Try it: Output the data below only from the line containing "神牧吃隐身药水,其他可以潜行" up to and including the line containing "An unusual white", exact and with the pictures left out.

Information:
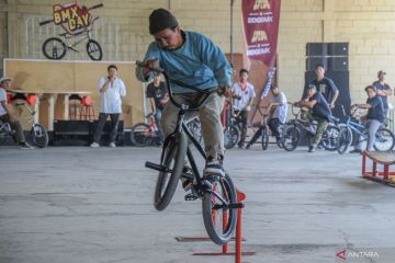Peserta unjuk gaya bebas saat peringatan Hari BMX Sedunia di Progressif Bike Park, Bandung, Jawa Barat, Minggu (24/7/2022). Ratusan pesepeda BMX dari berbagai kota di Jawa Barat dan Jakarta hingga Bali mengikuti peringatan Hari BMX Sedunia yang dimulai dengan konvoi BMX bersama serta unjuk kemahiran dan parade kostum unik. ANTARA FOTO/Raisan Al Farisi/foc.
--
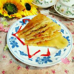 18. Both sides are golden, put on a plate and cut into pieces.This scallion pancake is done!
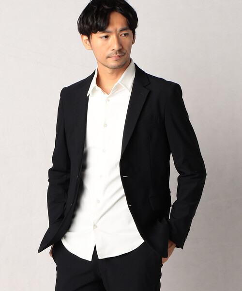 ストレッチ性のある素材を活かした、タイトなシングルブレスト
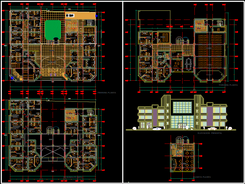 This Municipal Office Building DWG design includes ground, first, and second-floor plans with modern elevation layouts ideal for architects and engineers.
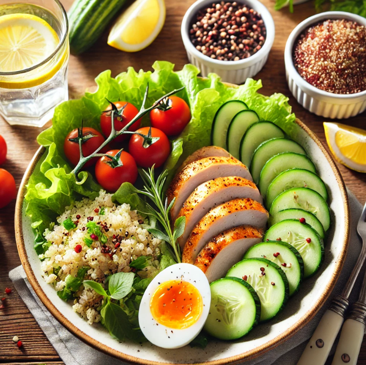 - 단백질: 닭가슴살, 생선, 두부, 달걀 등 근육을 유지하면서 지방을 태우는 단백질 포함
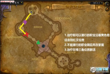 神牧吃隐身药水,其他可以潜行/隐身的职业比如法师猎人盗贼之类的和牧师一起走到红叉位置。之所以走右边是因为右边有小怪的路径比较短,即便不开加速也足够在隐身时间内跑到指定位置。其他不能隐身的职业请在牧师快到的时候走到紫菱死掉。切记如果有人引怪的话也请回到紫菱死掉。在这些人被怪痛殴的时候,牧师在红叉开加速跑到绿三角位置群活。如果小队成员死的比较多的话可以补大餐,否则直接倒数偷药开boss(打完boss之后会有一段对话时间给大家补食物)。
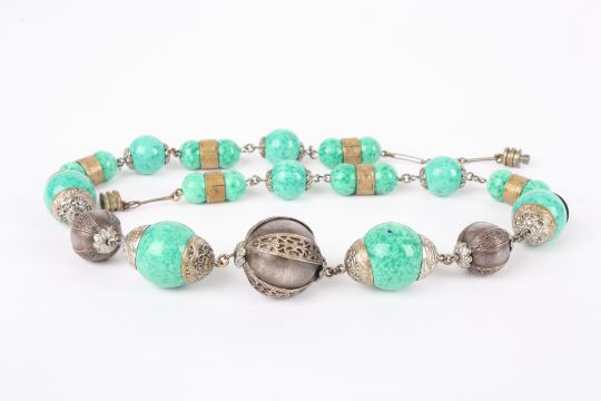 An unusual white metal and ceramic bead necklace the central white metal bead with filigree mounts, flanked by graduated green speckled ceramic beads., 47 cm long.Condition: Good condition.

Completed task:
 神牧吃隐身药水,其他可以潜行/隐身的职业比如法师猎人盗贼之类的和牧师一起走到红叉位置。之所以走右边是因为右边有小怪的路径比较短,即便不开加速也足够在隐身时间内跑到指定位置。其他不能隐身的职业请在牧师快到的时候走到紫菱死掉。切记如果有人引怪的话也请回到紫菱死掉。在这些人被怪痛殴的时候,牧师在红叉开加速跑到绿三角位置群活。如果小队成员死的比较多的话可以补大餐,否则直接倒数偷药开boss(打完boss之后会有一段对话时间给大家补食物)。
 An unusual white metal and ceramic bead necklace the central white metal bead with filigree mounts, flanked by graduated green speckled ceramic beads., 47 cm long.Condition: Good condition.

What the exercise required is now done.